What is being asked
Please print the entries below exactly, from the line with "Discover the unique, high-quality" through the line with "Thornless Red Raspberry", including both of those lines and leaving out all others.

Task material
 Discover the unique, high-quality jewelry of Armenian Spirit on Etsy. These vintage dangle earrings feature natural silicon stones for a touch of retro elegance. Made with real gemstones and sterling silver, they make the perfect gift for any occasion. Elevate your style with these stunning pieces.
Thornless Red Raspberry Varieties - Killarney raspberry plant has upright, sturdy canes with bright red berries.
...
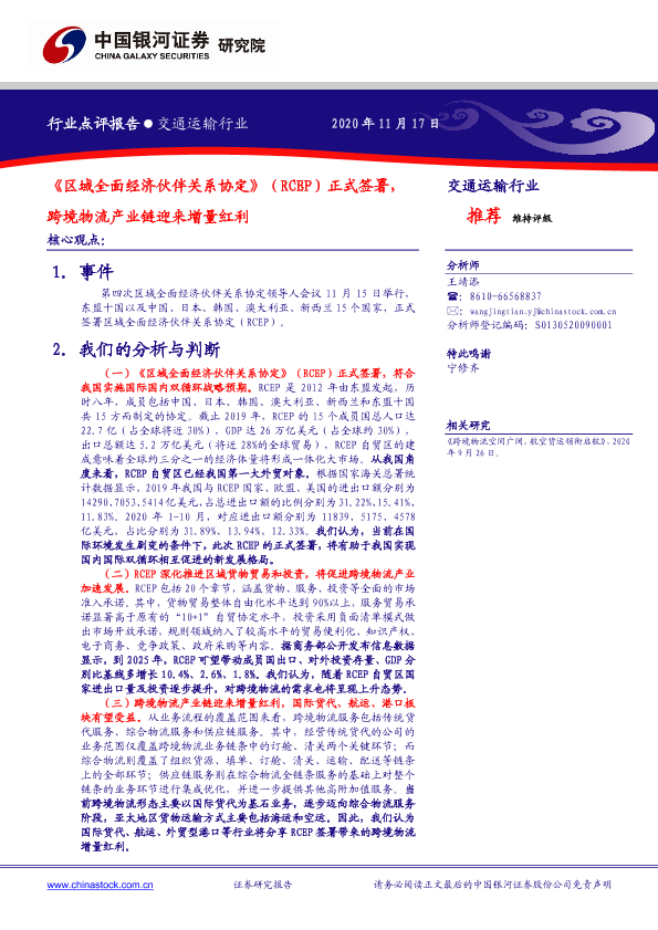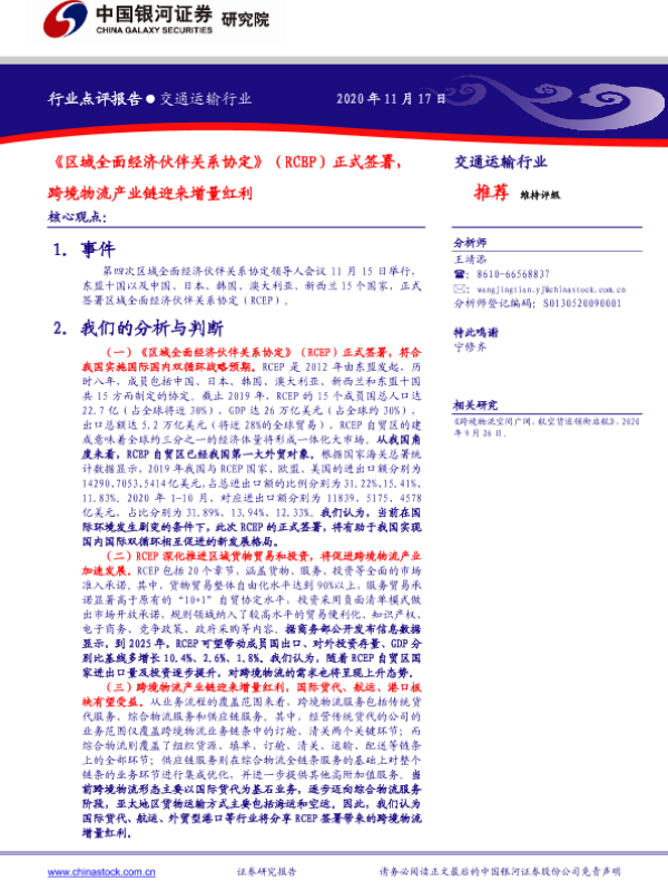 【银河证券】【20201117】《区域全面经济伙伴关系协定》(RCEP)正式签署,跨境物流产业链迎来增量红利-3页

Result
 Discover the unique, high-quality jewelry of Armenian Spirit on Etsy. These vintage dangle earrings feature natural silicon stones for a touch of retro elegance. Made with real gemstones and sterling silver, they make the perfect gift for any occasion. Elevate your style with these stunning pieces.
Thornless Red Raspberry Varieties - Killarney raspberry plant has upright, sturdy canes with bright red berries.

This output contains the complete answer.